Revenues were up 11% at $298.91m and underlying pre-tax profits were 15% higher at $16.49m.

The grouop has declared an interim dividend of 13.80p per share - up 12%.

Chairman Paul Moody said: "The results for the first half of 2017 were encouraging and consistent with our strategic objective to deliver profitable organic revenue growth.

"Revenue of $298.9m was up 11% over the same period in 2016, and operating profit before exceptional items at $16.1m was 15% higher against the same comparative.

"At the demand level, total orders received were up 11% over the first six months of 2016, representing continued growth at a rate well above that of the industry as a whole.

"Our business continues to benefit from stable gross margins and tight control of the marketing budget and other overheads.

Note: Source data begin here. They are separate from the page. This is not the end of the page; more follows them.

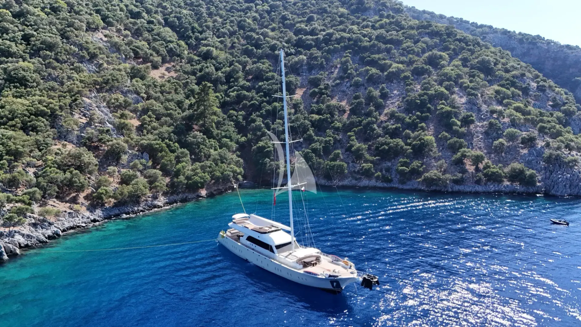 DODO is a 141ft (43m) sailing yacht built in 2005 and refitted in 2025. She accommodates up to 12 guests in 6 cabins comprising 4 double and 2 twin, with a professional crew of 6 ensuring an exceptional charter experience. Available for charter in All East Med.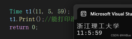 Time t1;//此处实例化t1,编译器会自动调用一个无参的构造函数,能打印浙江理工大学就说明调用了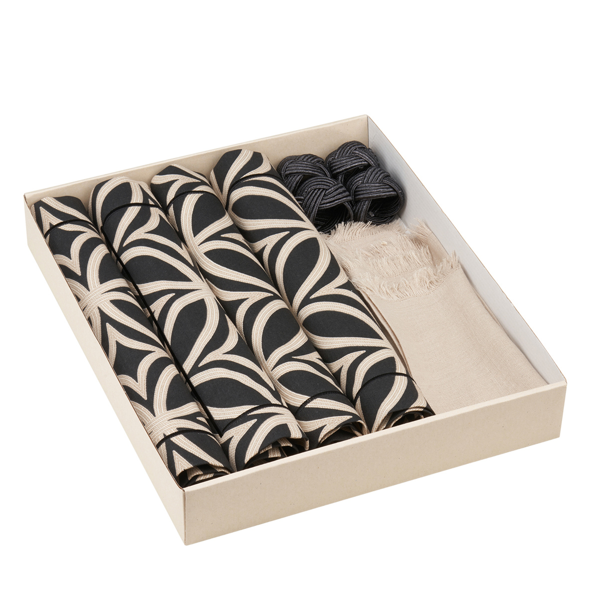 4 adet 45×35 cm koton yikanabilir amerikan servis, 4 adet peçetelik, 4 adet keten 35×35 cm peçete.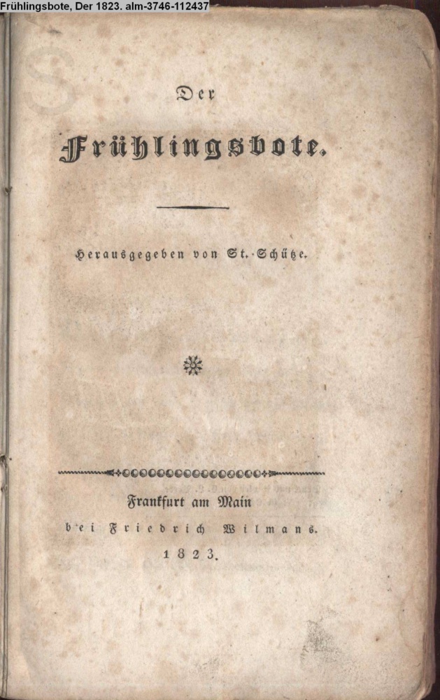 Der / Frühlingsbote. / Herausgegeben von St. Schütze. / Frankfurt am Main / bei Friedrich Wilmans. / 1823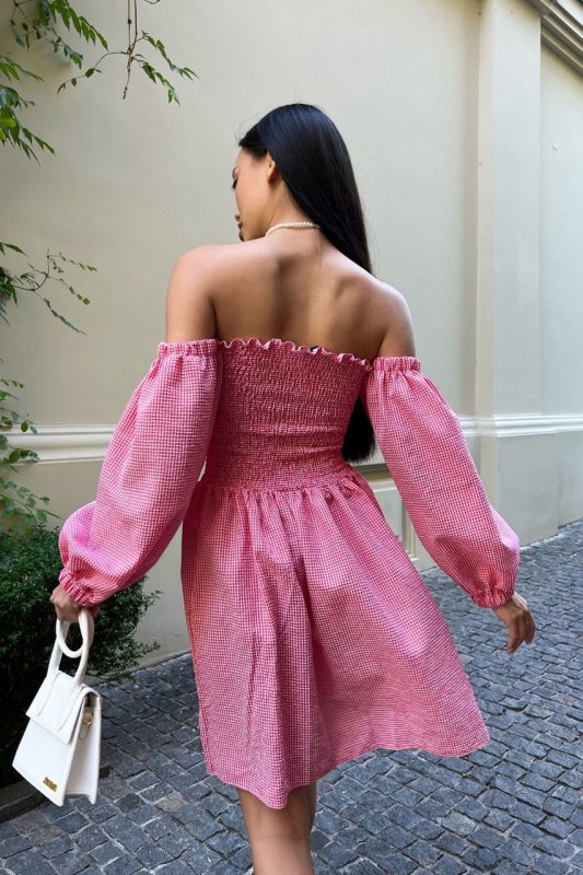 Мини-платье с завышенной талией, эластичным лифом и открытой линией плеч будет особенно актуально в жаркие дни. Легкая однотонная модель с рукавами-фонариками, сшитая из дышащего тонкого материала выполнена в яркой палитре летнего цвета.
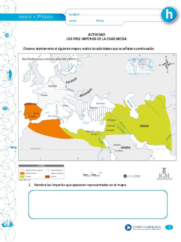 Analizar ejemplos de relaciones de influencia, convivencia y conflicto entre el mundo europeo, el bizantino y el islámico durante la Edad Media, considerando la división del cristianismo y las relaciones de frontera entre la cristiandad y el islam en la península ibérica, entre otros.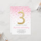 Pink Confetti Party Gold Number Girl 3rd Birthday Invitation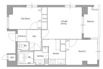 | 専有面積 | 56.31㎡ | 間取り | 2LDK→1LDK |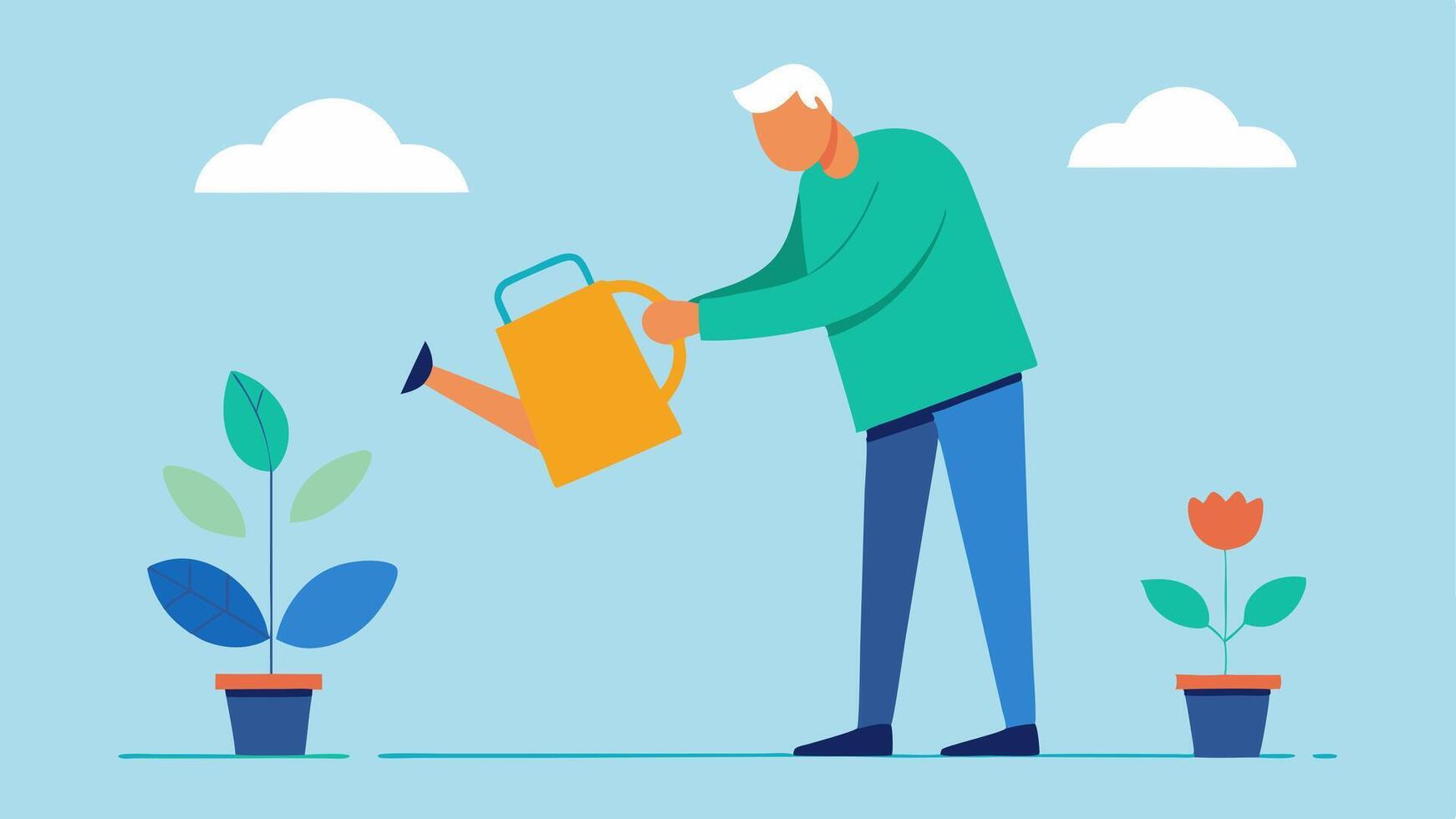 Watering Can with a Long Handle An illustration of a senior easily watering plants with an adaptive watering can that has a long handle for easier reach.. Pro Vector

"Coupled with low fixed capital and working capital requirements, this translated into strong cash generation in the first half of the year and a closing cash balance of $33.3m, ($21.7m at 31 December 2016).

"As a result of active management in recent years, the Group's legacy defined contribution pension liability has now been significantly de-risked.

"A new contribution schedule has been agreed with the Trustee, resulting in an annual cash commitment of just above $3m over the next five and a half years with the intention of eliminating the funding deficit over this period.

"The Group is in a secure financial position, with a much reduced and less volatile call on cash from its ongoing pension obligations."